IP addresses with multiple failed Microsoft Entra ID logins may indicate credential stuffing attempts, and a subsequent successful login to Palo Alto VPN suggests the adversary has compromised credentials, making proactive hunting critical to identify and mitigate potential lateral movement in Azure Sentinel. SOC teams should hunt for this behavior to detect and respond to credential-based attacks before they lead to broader network compromise.
KQL Query
//Set a threshold of failed AAD signins from an IP address within 1 day above which we want to deem those logins suspicious.
let signin_threshold = 5;
//Make a list of IPs with AAD signin failures above our threshold.
let aadFunc = (tableName:string){
let suspicious_signins =
table(tableName)
//Looking for logon failure results
| where ResultType !in ("0", "50125", "50140")
//Exclude localhost addresses to reduce the chance of FPs
| where IPAddress !in ("127.0.0.1", "::1")
| summarize count() by IPAddress
| where count_ > signin_threshold
| summarize make_set(IPAddress);
suspicious_signins
};
let aadSignin = aadFunc("SigninLogs");
let aadNonInt = aadFunc("AADNonInteractiveUserSignInLogs");
let suspicious_signins =
union isfuzzy=true aadSignin, aadNonInt
| summarize make_set(set_IPAddress);
//See if any of those IPs have sucessfully logged into PA VPNs during the same timeperiod
CommonSecurityLog
//Select only PA VPN sucessful logons
| where DeviceVendor == "Palo Alto Networks" and DeviceEventClassID == "globalprotect"
| where Message has "GlobalProtect gateway user authentication succeeded"
//Parse out the logon source IP from the Message field to match on
| extend SourceIP = extract("Login from: ([^,]+)", 1, Message)
| where SourceIP in (suspicious_signins)
| extend Reason = "Multiple failed AAD logins from SourceIP"
//Parse out other useful information from Message field
| extend User = extract('User name: ([^,]+)', 1, Message)
| extend ClientOS = extract('Client OS version: ([^,\"]+)', 1, Message)
| extend Location = extract('Source region: ([^,]{2})',1, Message)

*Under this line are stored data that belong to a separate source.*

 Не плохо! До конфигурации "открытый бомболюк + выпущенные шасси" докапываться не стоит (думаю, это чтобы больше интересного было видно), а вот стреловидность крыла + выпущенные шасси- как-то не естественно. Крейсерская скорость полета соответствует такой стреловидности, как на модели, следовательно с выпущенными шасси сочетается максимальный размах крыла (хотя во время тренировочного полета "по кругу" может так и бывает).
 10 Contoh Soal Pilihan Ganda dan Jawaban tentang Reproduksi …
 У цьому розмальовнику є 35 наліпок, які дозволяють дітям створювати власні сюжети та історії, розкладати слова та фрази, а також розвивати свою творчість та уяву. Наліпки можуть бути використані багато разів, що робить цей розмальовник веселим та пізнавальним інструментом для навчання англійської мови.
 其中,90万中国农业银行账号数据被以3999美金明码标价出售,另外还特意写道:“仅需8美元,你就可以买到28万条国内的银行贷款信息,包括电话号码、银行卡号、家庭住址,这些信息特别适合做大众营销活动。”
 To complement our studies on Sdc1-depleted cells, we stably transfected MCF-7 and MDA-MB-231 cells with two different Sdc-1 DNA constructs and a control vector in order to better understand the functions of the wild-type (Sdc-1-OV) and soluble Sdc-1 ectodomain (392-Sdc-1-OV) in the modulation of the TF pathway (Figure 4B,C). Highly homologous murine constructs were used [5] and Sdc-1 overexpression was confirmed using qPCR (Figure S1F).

| project TimeGenerated, Reason, SourceIP, User, ClientOS, Location, Message, DeviceName, ReceiptTime, DeviceVendor, DeviceEventClassID, Computer, FileName
| extend timestamp = TimeGenerated
id: ba144bf8-75b8-406f-9420-ed74397f9479
name: IP with multiple failed Microsoft Entra ID logins successfully logs in to Palo Alto VPN
description: |
This query creates a list of IP addresses with the number of failed login attempts to Entra ID
above a set threshold ( default of 5 ). It then looks for any successful Palo Alto VPN logins from any of these IPs within the same timeframe.
severity: Medium
requiredDataConnectors:
- connectorId: AzureActiveDirectory
dataTypes:
- SigninLogs
- connectorId: AzureActiveDirectory
dataTypes:
- AADNonInteractiveUserSignInLogs
- connectorId: PaloAltoNetworks
dataTypes:
- CommonSecurityLog
queryFrequency: 1d
queryPeriod: 1d
triggerOperator: gt
triggerThreshold: 0
tactics:
- InitialAccess
- CredentialAccess
relevantTechniques:
- T1078
- T1110
query: |
//Set a threshold of failed AAD signins from an IP address within 1 day above which we want to deem those logins suspicious.
let signin_threshold = 5;
//Make a list of IPs with AAD signin failures above our threshold.

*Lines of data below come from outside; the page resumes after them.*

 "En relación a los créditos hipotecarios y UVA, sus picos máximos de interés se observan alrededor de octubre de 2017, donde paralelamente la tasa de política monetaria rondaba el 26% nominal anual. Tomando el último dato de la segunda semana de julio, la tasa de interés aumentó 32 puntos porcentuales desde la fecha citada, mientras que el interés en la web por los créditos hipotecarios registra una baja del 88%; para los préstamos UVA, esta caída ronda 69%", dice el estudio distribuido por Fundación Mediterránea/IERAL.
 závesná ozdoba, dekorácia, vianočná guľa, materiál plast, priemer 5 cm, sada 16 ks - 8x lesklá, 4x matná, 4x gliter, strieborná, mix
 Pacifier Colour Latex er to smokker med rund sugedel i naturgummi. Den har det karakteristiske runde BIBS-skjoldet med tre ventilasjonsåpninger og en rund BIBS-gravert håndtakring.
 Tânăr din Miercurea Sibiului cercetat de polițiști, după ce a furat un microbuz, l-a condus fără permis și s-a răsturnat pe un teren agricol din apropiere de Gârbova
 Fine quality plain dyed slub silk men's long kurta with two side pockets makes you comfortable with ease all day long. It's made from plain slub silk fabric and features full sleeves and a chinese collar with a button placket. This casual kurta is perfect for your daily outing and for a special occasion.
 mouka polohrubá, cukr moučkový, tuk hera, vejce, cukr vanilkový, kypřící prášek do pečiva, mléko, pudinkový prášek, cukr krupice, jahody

let aadFunc = (tableName:string){
let suspicious_signins =
table(tableName)
//Looking for logon failure results
| where ResultType !in ("0", "50125", "50140")
//Exclude localhost addresses to reduce the chance of FPs
| where IPAddress !in ("127.0.0.1", "::1")

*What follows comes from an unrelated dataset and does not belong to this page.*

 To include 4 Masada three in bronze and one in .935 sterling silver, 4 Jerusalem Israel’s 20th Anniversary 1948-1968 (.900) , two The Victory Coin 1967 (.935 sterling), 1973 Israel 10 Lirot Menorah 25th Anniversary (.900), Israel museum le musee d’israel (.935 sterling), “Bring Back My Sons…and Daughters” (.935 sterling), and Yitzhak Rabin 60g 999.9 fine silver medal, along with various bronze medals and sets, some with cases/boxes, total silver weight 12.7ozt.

| summarize count() by IPAddress
| where count_ > signin_threshold
| summarize make_set(IPAddress);
suspicious_signins
};
let aadSignin = aadFunc("SigninLogs");
let aadNonInt = aadFunc("AADNonInteractiveUserSignInLogs");
let suspicious_signins =
union isfuzzy=true aadSignin, aadNonInt
| summarize make_set(set_IPAddress);
//See if any of those IPs have sucessfully logged into PA VPNs during the same timeperiod
CommonSecurityLog
//Select only PA VPN sucessful logons
| where DeviceVendor == "Palo Alto Networks" and DeviceEventClassID == "globalprotect"
| where Message has "GlobalProtect gateway user authentication succeeded"
//Parse out the logon source IP from the Message field to match on
| extend SourceIP = extract("Login from: ([^,]+)", 1, Message)
| where SourceIP in (suspicious_signins)
| extend Reason = "Multiple failed AAD logins from SourceIP"
//Parse out other useful information from Message field
| extend User = extract('User name: ([^,]+)', 1, Message)
| extend ClientOS = extract('Client OS version: ([^,\"]+)', 1, Message)
| extend Location = extract('Source region: ([^,]{2})',1, Message)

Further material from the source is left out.